The use of TDNN ensembles can play a relevant role in several nuclear fusion problems, being thermonuclear plasmas a typical unsteady complex physical system. High temperature plasmas are complex systems that have to be kept well out of equilibrium by the injection of matter and energy [13,14,15]. Indeed to produce the required rate of fusion reactions they have to reach temperatures higher than the core of the sun. This energy content cannot be achieved with simple ohmic heating and therefore sophisticated additional heating schemes have been developed in the course of the years. The calculation of the local effects of this injected power is a difficult task that requires very sophisticated simulation codes [16,17,18,19]. The ensembles of TDNNs could be very useful not only to confirm the results of these simulations but also to provide rapid answers for intershot analysis.

With regard to the organisation of the paper, next section introduces the technology of Time Delay Neural Networks (TDNNs), their ensembles and how they can be refined to investigate causal relationships between time series. In Sect. 3 the potential of TDNN ensembles is substantiated with the help of various numerical tests. The application to the deposition profile in fusion is the subject of Sect. "Validation of the Method with Synthetic Cases" before the conclusions.

Causality Detection with TDNN Ensembles

Causality detection techniques are based on different assumptions.

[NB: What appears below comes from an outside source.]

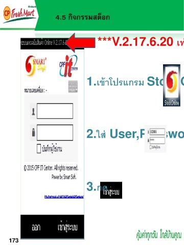 4.5 กิจกรรมสต็อก ***V.2.17.6.20 เท่านั้น*** 1.เข้าโปรแกรม StockOnline 2.ใส่ User,Password 3.กด 173

One of the most used class of algorithms for causality detection is based on the definition of causality proposed by Granger [6, 9, 10]: a variable X(t) evolving in time “Granger-causes” another time-evolving variable Y(t) if the past values of X(t) (t-1, t-2, etc.) allows for a better prediction of Y(t) than the prediction without the use of past X(t). So basically Granger causality is a simple statistical hypothesis test for determining whether one time series provides useful information to forecast another. The methods reported in the present work, already analysed with various synthetic cases in [11, 12], are based on this concept.

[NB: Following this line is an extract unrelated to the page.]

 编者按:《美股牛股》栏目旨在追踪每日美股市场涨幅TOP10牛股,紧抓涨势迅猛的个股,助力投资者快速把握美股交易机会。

Adopted Approach to Causality Detection

Consider the following experimental time series: a set of causes ${X}_{1}\left(t\right), {X}_{2}\left(t\right), \dots ,{X}_{M}\left(t\right)$, one new candidate cause ${X}_{C}\left(t\right)$, and one possible effect $Y\left(t\right)$. Given two functions predicting $Y\left(t\right)$, one ${Y}_{f}(t)$ using also past values of ${X}_{C}\left(t\right)$ and one ${Y}_{g}(t)$ not relying on the information contained in ${X}_{C}\left(t\right)$:

$${Y}_{f}\left(t\right)=f\left({X}_{1}\left(t-1,\dots ,t-{N}_{d}\right),\dots ,{X}_{M}\left(t-1,\dots ,t-{N}_{d}\right),Y\left(t-1,\dots ,t-{N}_{d}\right),{X}_{C}\left(t-1,\dots ,t-{N}_{d}\right)\right)$$

(1)

$${Y}_{g}\left(t\right)=g\left({X}_{1}\left(t-1,\dots ,t-{N}_{d}\right),\dots ,{X}_{M}\left(t-1,\dots ,t-{N}_{d}\right),Y\left(t-1,\dots ,t-{N}_{d}\right)\right)$$

(2)

The prediction error of the two functions can be written as:

$${\rm E}_{f}=\frac{1}{N}\sum_{i=1}^{N}{\left(Y\left({t}_{i}\right)-{Y}_{f}\left({t}_{i}\right)\right)}^{2}$$

(3)

$${\rm E}_{g}=\frac{1}{N}\sum_{i=1}^{N}{\left(Y\left({t}_{i}\right)-{Y}_{g}\left({t}_{i}\right)\right)}^{2}$$

(4)

where N is the number of samples in the time series. One may conclude that ${X}_{C}\left(t\right)$ causes $Y\left(t\right)$ if ${\rm E}_{g}>{\rm E}_{f}+{\mathrm{\rm E}}_{threshold}$, where ${\mathrm{\rm E}}_{threshold}$ is an uncertainty threshold determined by the error and nature of the time series. The ${\mathrm{\rm E}}_{threshold}$ can be determined with statistical techniques such as the method of the surrogate data.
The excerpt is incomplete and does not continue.